Sebelumnya, mereka sempat bermusyawarah dengan Tuanku nan Tuo. Semula mereka hormati. Yang menyetujui gerakan pemurnian ajaran Islam di Minangkabau. Asal dengan cara-cara lunak. Menurut Tuanku nan Tuo, cara keras hanya akan melahirkan kekerasan baru. Akhirnya, Harimau nan Salapan memilih sikap Tuanku Pasaman, yang juga sama-sama keras, hingga memicu perang saudara yang berkepanjangan.

Periode pertama Perang Padri, tahun 1803 hingga 1821, terjadi pertempuran sporadik antara kekuatan reformis (Kaum Padri) dan tradisionalis (Kaum Adat). Dengan semangat, Kaum Padri mengumumkan jihad melawan Kaum Adat, membakar rumah-rumah gadang, dan membunuh para pemimpin adat.

Tahun 1815, tanpa adanya seruan yang berpengaruh dari Sultan, Kaum Padri mulai geram dan melakukan penyerangan terhadap Kesultanan. Di bawah pimpinan Tuanku Pasaman, mereka menyerang Kerajaan Pagaruyung. Puncaknya, pecahlah peperangan di Koto Tangah. Pada peperangan ini, beberapa tokoh Kesultanan tewas terbunuh. Akibat kesalahpahaman antara Kaum Padri dan orang-orang Pagaruyung.

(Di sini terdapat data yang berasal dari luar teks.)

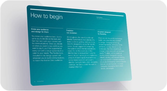 The Cisco Brand Ÿow to begin ’sing the Cisco Brand dentit ste Know your audience evolution a system designed and design for them not revolution for flexibility ¡ou know our audience best. o it’s At first glance the new Cisco Brand hen ou are the world’s technolog u to ou to decide on the look and dentit ste looks revolutionar. t’s leader ou know the onl constant feel that best suits our channel and bold attentionšgetting and surrising. is change. Changing technolog its counications. ‰nce ou decide And it’s designed to evolve far into the eanding arkets eerging edia on what ou want to sa and how ou future. o we suggest ileenting latfors. To sta relevant in this want to sa it ou’ll be suorted at the sste in increental evolutionar landscae the Cisco brand ust ever turn with a visual sste built to stes. ¢ot all the eleents of the change to kee ace with our business cater to our needs. The fleible tools identit have to be launched in one fell needs. To adat we’ve created an included in this design sste will swoo. n fact we’ve got a considerable identit sste designed to evolve. eower ou to build counications aount of brand e—uit invested in our ‚ibrant eciting and forwardšthinking to reach the diverse Cisco audience. forer brand sstes and grahic our visual sste is fleible enough to identit. ‰ur custoers know recogni›e let ou build …nterrise counications and trust the Cisco brand. e want to that are fun and dnaic or create aintain that trust. Consuer essaging that is clean sile and elegant. 1€ The Cisco Brand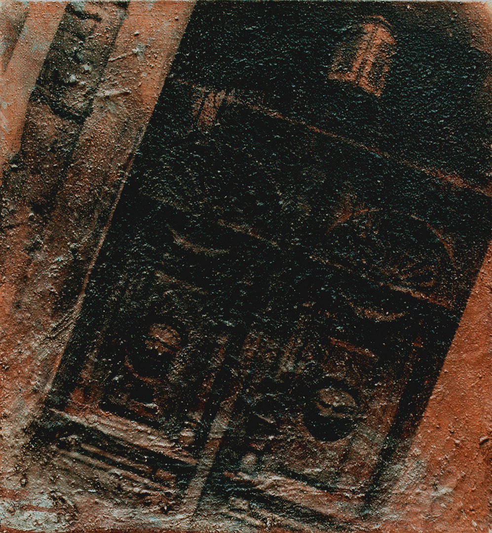 Türe Krakau (Door Krakow), 1993, Silver Gelatine (applied by hand) on Acrylic Painting on Canvas, 70 x 70 cm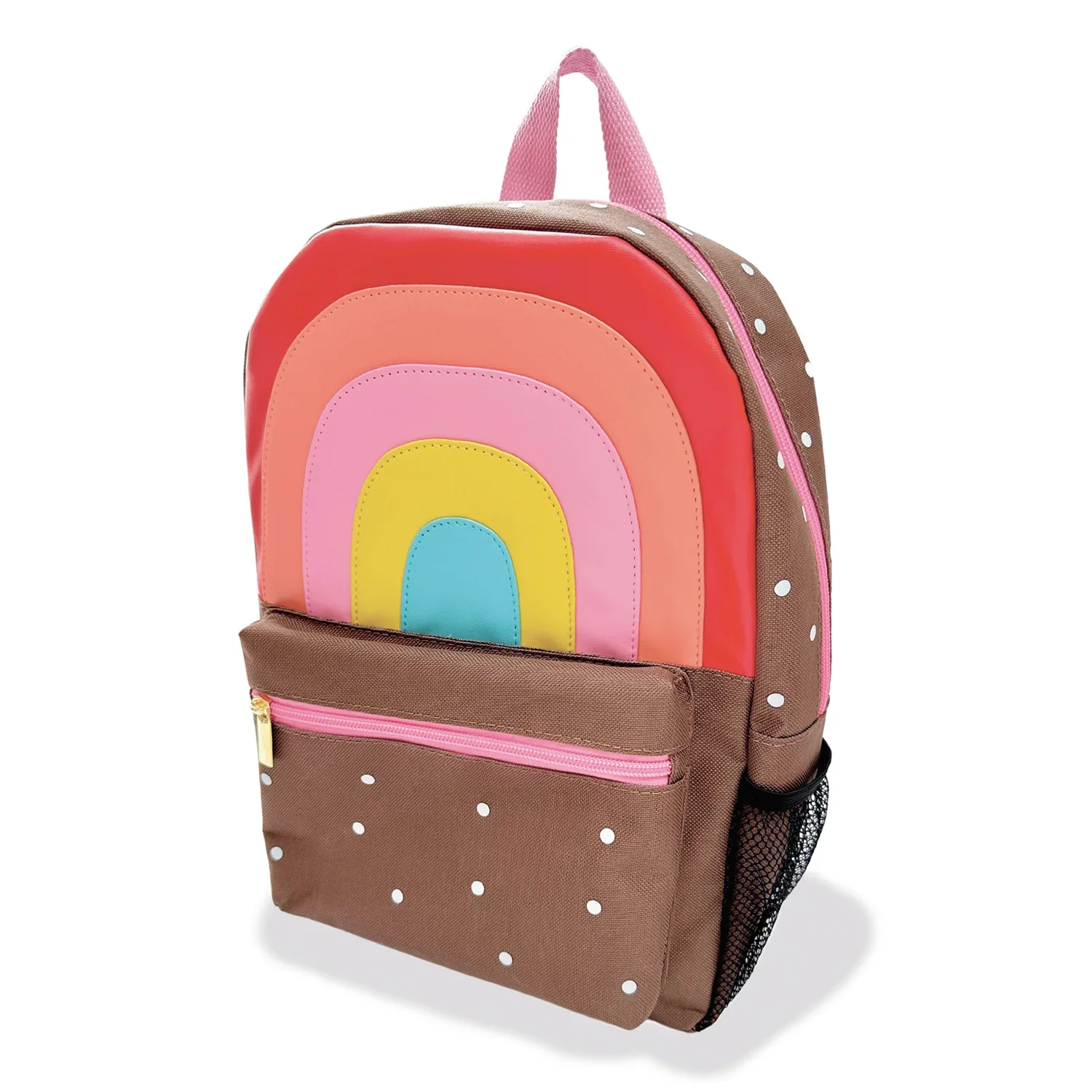 Sortez avec un style colorĂ© grĂ¢ce Ă notre amusant sac Ă dos arc-en-ciel ! FabriquĂ© dans un beau tissu marron Ă pois reprĂ©sentant un joyeux arc-en-ciel, ce sac Ă dos est entièrement doublĂ© de notre joli motif en forme de cÅ“ur et comporte une poignĂ©e de transport, une poche frontale, des filets Ă bouteilles et des bretelles rĂ©glables.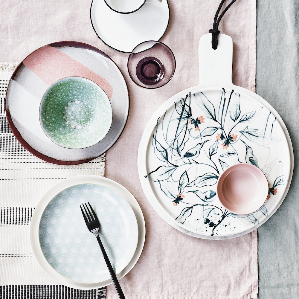 Update your table with new colours and textures for spring. For an easy, relaxed look, choose a mix of patterns in a pastel palette of pale green, blue and blush pink. Look for designs that will work well together - a spot with a stripe, a floral with a plain for example.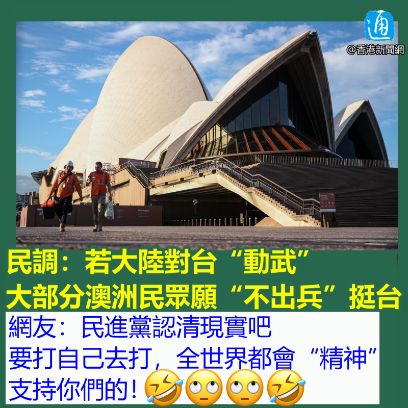 澳洲政府曾表態反對任何單方面改變台灣現狀的企圖。澳洲總理安東尼6月初在新加坡“香格里拉對話”亞洲安全會議上表示,澳洲支持美中對話,因為台海衝突將“對世界造成毀滅性影響”。 據台媒報道,澳洲外交政策智庫“羅伊國際政策研究院”(Lowy Institute)的年度民調發現,高達82%受訪者支持澳洲與美國的“安全聯盟”,儘管有3/4的人也認為,這意味澳洲可能被捲入亞洲的戰爭。 根據民調結果,有80%民眾支持接受台灣難民,76%支持“對中國(大陸)實施經濟和外交制裁”,64%支持“澳洲向台灣當局運送武器和軍需品”,61%支持“運用澳洲海軍,協助阻止中國(大陸)對台灣實施封鎖”。 只有42%的受訪者支持派遣“澳洲軍事人員前往台灣,協助‘抗中保台’”。 羅伊國際政策研究院公眾輿論領域負責人利偉恩(Ryan Neelam)指出,民調結果顯示,澳洲民眾“對衝突抱持謹慎態度”,但願意在不參戰的情況下支持台灣。 他說,“談到台灣受到軍事威脅和美國參與(台海衝突)的具體情況時,澳洲民眾傾向採取行動支持台灣,接受(台灣)難民、對北京實施制裁、運送武器和物資,甚至讓海軍參與,但這並不包括派兵參戰。” 澳洲的有關民調,可謂給島內的“台獨”分子和綠營支持者潑了盆冷水! 在有關消息的評論區,有台灣網友就怒氣衝衝地說:“若中國大陸‘侵犯’澳洲,台灣也會不出兵挺澳啦!” “塔綠班(民進黨)認清現實吧,要打你們去打,全世界都會精神支持你們的!”也有網友挖苦民進黨當局道。 翻查資料,日本早前的民調亦顯示,超過7成的民眾反對日本政府軍事介入台海危機。 據日本時事通信社去年11月報道,日本公益財團法人“新聞通信調查會”發布調查結果,儘管將近八成受訪者對台海情勢抱有危機感,但卻有超過7成受訪者不支持日本派自衛隊與美軍聯手對抗大陸。 民進黨當局天天高喊“抗中保台”,可一說到“出兵保台”就露餡了! 【編輯:汪彥希】
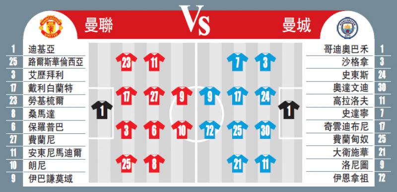 【大公報訊】綜合法新社、每日郵報、ESPN FC、香港賽馬會足智彩報道:「曼」眾矚目的新面貌英超曼徹斯特打吡大戰、「紅魔鬼」曼聯主場鬥曼城今晚上演。雙曼暫時皆三戰全勝,今戰曼聯幾近「夫添」,相反「藍月亮」曼城卻有主力射手阿古路停賽,形勢無疑是曼聯佔上風。(樂視體育Now英超一台、樂視體育香港應用程式今晚7時30分直播)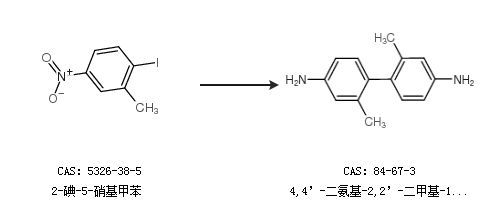1.通过2-碘-5-硝基甲苯合成4,4’-二氨基-2,2’-二甲基-1,1’-联苯

Dalam bukunya, Parlindungan menyebutkan pembantaian yang dilakukan Kaum Padri terhadap Kerajaan Pagaruyung, istana kuno Minangkabau yang dianggap sebagai sumber budaya Melayu. Istana ini menjadi korban serangan Tuanku Pasaman dan orang-orang Batak Mandailing oleh serangan pasukan Tuanku Rao.